In the ancient world, one version of this argument was the consolatio genre. Writing in the mode of consolatio (as Cicero, Seneca, and later Boethius did, for example), a writer would persuade his listeners to seek comfort in the midst of affliction by performing two actions simultaneously: avocatio and revocatio. People who were suffering needed to have their minds called away from (a-vocatio) the affliction (which gets worse the more you think about it), and called toward (re-vocatio) something greater and more fruitful. Avocatio plus revocatio produces consolatio: don’t think about that, think about this. (If you’d like to follow up with some real scholarship on how this ancient genre informs Philippians, here‘s a good book, the one that alerted me to these categories.)
In the hands of hedonists, this argument could be pretty facile. Epicureans, for instance, used to argue that when you were in pain you should do a little hedonistic calculus and set your mind on future pleasure. Another way consolatio could go wrong is by being a mere strategy of escapism (though come to think of it, if you can’t use escapist literature in prison, where can you?).
In Philippians, however, Paul is doing something nobler. To begin with, he has identified something special as the highest good: the progress of the gospel. He is especially excited about the way the church at Philippi has shared his labor of spreading the gospel in new territories. With the gospel as the highest good, he freely re-interprets everything in his experience and assigns it to its proper place under the sway of the highest good. This is where, I think, Paul begins to marshal some paradoxes and shocking reversals. He’s not doing this just to be puckish or to be a paradox-monger. He knows he has a hard argument to make (“don’t think about that, think about this”), so he brings out some illustrations that turn the world upside down. If I had no sense of history, I’d say he’d been reading some G. K. Chesterton, because Chesterton was the master of these stunning inversions which forced his readers to consider his point of view.
Here’s how Paul works it out:
I pray that you would learn what matters most. Whatever is good, think about that.
What’s good? The progress of the gospel, that’s the main thing.
In light of that, everything you know is wrong. For example:
Here I am in prison. That’s bad, right? No, that’s good. It’s turning out to be good for the gospel.
Another example: I have an impeccable religious pedigree. That’s good, right? No, that’s bad. Pure skubalon, in fact. Doesn’t matter one bit. Might even get in the way.
Again: Feckless folks are preaching Christ for lousy reasons like envy, just to hurt me. That’s bad, right? No, that’s good. Because, like I said, the gospel is going forth no matter what’s in their motives.

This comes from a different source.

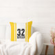 Sencillo y clásico Cojín decorativo Gold & White Striped Monogramado y Numerado Sports Jersey. Ideal para los jugadores de baloncesto, los jugadores de béisbol, los jugadores de hockey, los jugadores de fútbol o cualquier otro atleta. Personalizar con tu número y nombre o el nombre y número de tu jugador deportivo favorito.
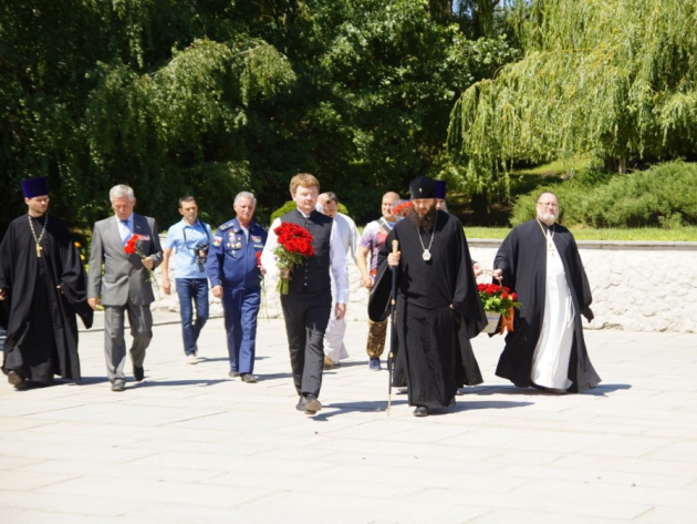 Мероприятие началось с посещения храма Всех Святых на Мамаевом кургане, где была отслужена заупокойная лития в память о воинах, отдавших свои жизни за освобождение Отечества.

A big one: To do the work of the gospel, you have to behave like a slave and take a place at the bottom of the social hierarchy. That’s bad, right? No, that’s good. Have this mind in you which was also in Christ Jesus, who became obedient to the extremes of shameful death, for which reason he has been given the highest name.
Paul follows this “everything you know is wrong, we’re through the looking glass now” strategy pretty insistently in Philippians. It’s the back-and-forth that’s necessary to jolt his readers into a new way of evaluating everything. The only place he seems unable to do the inversion trick is when he tries to figure out whether death is good or bad. Looking at it from the point of view of the gospel, neither his life nor his death seems clearly better. Death is better for him (go be with the Lord), but contination of his life and ministry is better for the churches. Paul doesn’t achieve mere stoical indifference, but he does reach a serene objectivity regarding his own destiny.
Philippians: Read it standing on your head.